Hope Castle is a historic building located in Castleblayney, County Monaghan, Ireland.The building still stands, although unoccupied. Over the years, Hope Castle has been inhabited for various uses, such as homes to many, military barracks, a hospital, convent, and was most recently used as a hotel before its demise in 2010.

History
The land on which Hope Castle was built was originally under the ownership of Sir Edward Blayney, to whom it was granted in 1607. Blayney was a Welsh soldier who was granted land at Ballynalurgan and Muckno, where he built a stone defensive castle, Blayney Castle. The town of Castleblayney has grown up round that original site. Blayney was created the first Baron Blayney in 1621 and the Blayneys would continue to occupy the estate until after the 1830s.

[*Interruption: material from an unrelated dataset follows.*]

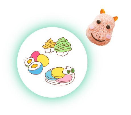 デコふりならパスタやうずらの卵も色付けできちゃいます。ごはんもおかずもカラフルな楽しいお弁当が作れます。
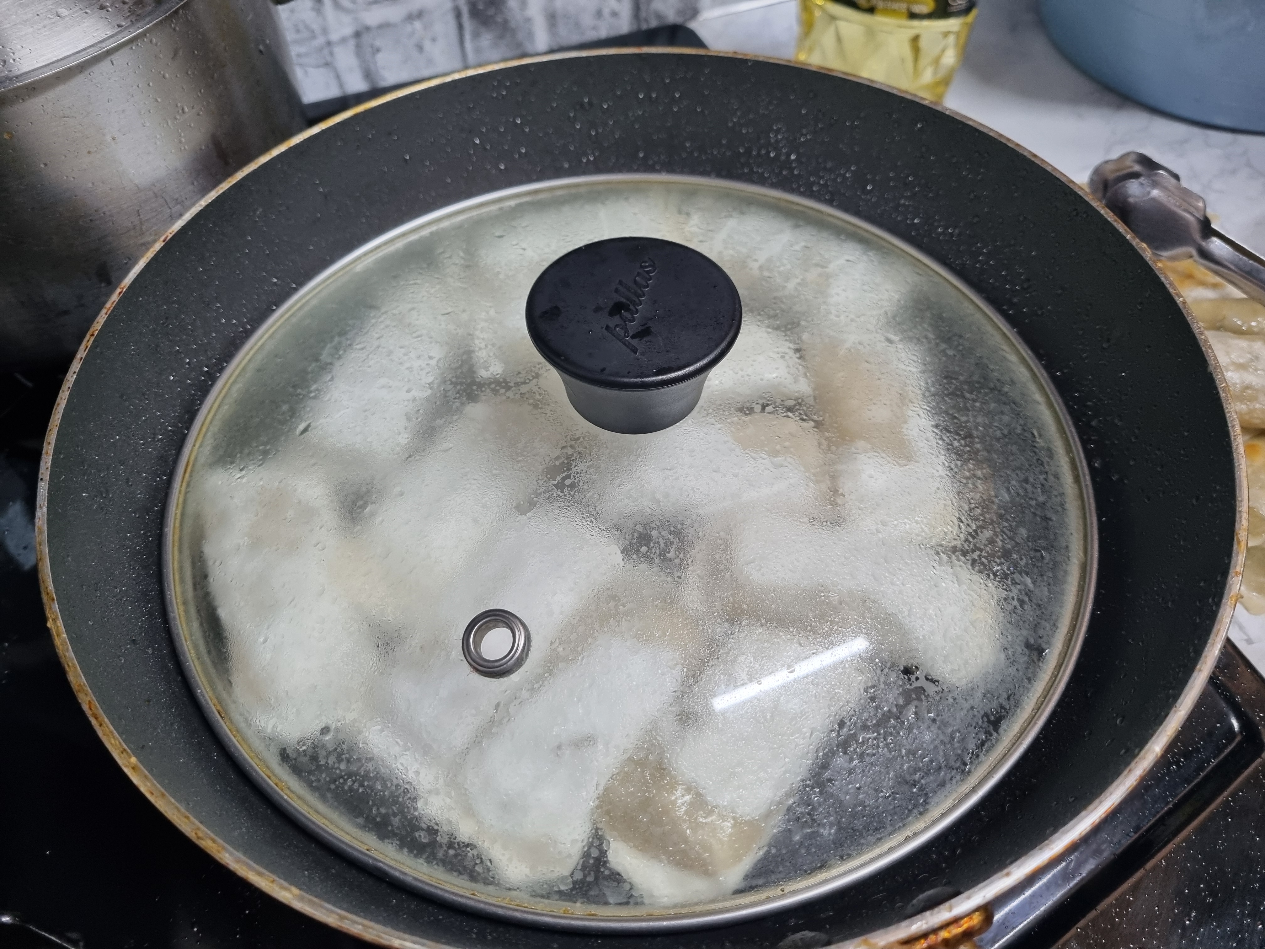 이때 뚜껑이 있으면 잠깐동안 덮어 놓고 구워줘도 좋습니다.

In the time of the second baron in 1641 the castle was captured by rebels fighting under Hugh Mac Patrick Dubh MacMahon. The baron escaped but his wife and children were captured.

The 7th Baron Blayney sold off part of the land in 1723. It was not until the 1780s that the present building, named Blayney Castle, was constructed near the old Elizabethan castle for Lieutenant General The 11th Baron Blayney, a famous soldier who owned the land from 1784 to 1834.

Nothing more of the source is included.